January was a typical January. It started with a horrific hangover and me waking up at 17:30hrs on 1 January after what can only be described as a three day bender. It was not nice. I made three resolutions, two of which were to drink less and lose some weight. Both lasted less than a fortnight, but little did I know that August would make these things happen rather than actual willpower. Thanks Myeloma. Socially, the month was taken up by my annual quest to watch as many Oscar nominated films as possible, a quest which went on into February. At the end of the month, I received an email, which stated that I made up characters to make my life seem more interesting then it actually is. I definitely dwelled on those words for longer than I should have done, but as it turns out, Myeloma has now become that character.
I do not remember what happened in February. Though I know the Oscars went ahead as scheduled and that I watched all the films nominated in the major categories as well as the ceremony itself, live for the thirteenth year in a row. I fear treatment will dictate that I will not make it a fourteenth in 2013. Sad face. Oh, this just came to me, my five year old niece came to London for the weekend and I took her on my ideal date. We fed some ducks.
In March my Gran died. I found out in my office and sat at my desk for two hours without telling anybody.
April is the fourth month of the year.
My birthday is in May, so my memory of this month is slightly better, despite spending three days (bar the hours working on the Friday) intoxicated. Housemate moved in, I baked, somebody told me they were in love with me then forgot about it and Mamma Jones and I went on a mini-break to Edinburgh. I believe this was the last time I saw the sea.
June was fun, that much I remember. I went to Field Day and Lovebox, which being in Victoria Park was delightful given the proximity to my bed, I started going to Zumba where my hips were unleashed for all to see and I enjoyed cheap beer in Wellington Barracks’ mess. June really was fun.
July proved to be a good time to be in London, despite the slow deterioration of my body. Everything was leading up to the Olympics, I saw the torch twice, went back to the Barracks, and I became obsessed with taking photographs of tourists. The start of August also rolled into this, for I spent a week of my sick leave lying on my sofa watching other people do sport. It was grand.
On 17 August everything changed and that change is well documented.
My year did not pan out how I had intended.

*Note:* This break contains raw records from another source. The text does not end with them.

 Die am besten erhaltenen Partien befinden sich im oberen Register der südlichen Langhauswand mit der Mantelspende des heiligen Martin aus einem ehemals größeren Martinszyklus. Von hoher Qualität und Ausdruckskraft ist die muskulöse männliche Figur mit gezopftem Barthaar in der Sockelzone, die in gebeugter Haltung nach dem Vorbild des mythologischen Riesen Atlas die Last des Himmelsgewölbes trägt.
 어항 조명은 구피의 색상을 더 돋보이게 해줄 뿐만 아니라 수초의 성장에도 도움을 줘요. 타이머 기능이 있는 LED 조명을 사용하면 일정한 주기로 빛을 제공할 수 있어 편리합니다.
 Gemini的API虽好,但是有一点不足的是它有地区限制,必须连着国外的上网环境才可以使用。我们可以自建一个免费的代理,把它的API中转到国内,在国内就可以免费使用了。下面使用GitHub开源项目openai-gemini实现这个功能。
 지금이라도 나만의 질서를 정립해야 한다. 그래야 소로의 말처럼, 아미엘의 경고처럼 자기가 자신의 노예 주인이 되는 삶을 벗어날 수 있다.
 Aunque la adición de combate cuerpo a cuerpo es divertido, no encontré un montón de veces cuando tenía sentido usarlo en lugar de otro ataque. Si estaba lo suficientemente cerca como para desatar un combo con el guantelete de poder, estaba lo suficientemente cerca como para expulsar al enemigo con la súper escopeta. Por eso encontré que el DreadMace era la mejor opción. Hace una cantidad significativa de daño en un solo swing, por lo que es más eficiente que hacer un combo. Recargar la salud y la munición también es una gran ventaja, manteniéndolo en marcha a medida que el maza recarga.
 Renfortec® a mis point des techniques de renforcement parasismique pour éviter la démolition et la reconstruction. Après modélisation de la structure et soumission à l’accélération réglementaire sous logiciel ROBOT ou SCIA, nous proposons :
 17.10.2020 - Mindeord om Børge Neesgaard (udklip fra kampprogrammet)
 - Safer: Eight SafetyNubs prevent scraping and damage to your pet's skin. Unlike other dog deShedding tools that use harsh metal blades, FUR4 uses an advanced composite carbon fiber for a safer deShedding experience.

I did not go on the two holidays I had planned nor did I go to see my friends at the Edinburgh Fringe. I could not go to Bestival and I did not go to see any films at the London Film Festival. I have missed a number of my friends’ birthday celebrations and I stopped going to the pub. I lost two stones and gained facial hair. I no longer get the 38 bus to Piccadilly every working day and I do not cross the Blue Bridge in St James’ Park whilst walking to the sound of the beat. The mug in my locker on the 7s has long been neglected and I have not been on the 07:35hrs train from Kings Cross to Wakefield since July. In short, in September, October, November and December, everything has changed and I remember it all.
I remember my family and I remember my friends and I remember my positivity. In 2012 I have overused the term ‘Support Network’, I put my hands up and acknowledge that, but there is nothing I can do about that. Everybody in my beloved Support Network gives me the strength to not give up, even when the situation looks hopeless and the tears are in free flow.
It would be a fair assessment to say that this year has been a big pile of stinking shit covered in flies. Sure, it was memorable and life changing, but I would rather have been able to carry on with my meagre and meaningless existence.
So, bye bye 2012. You fucked everything up.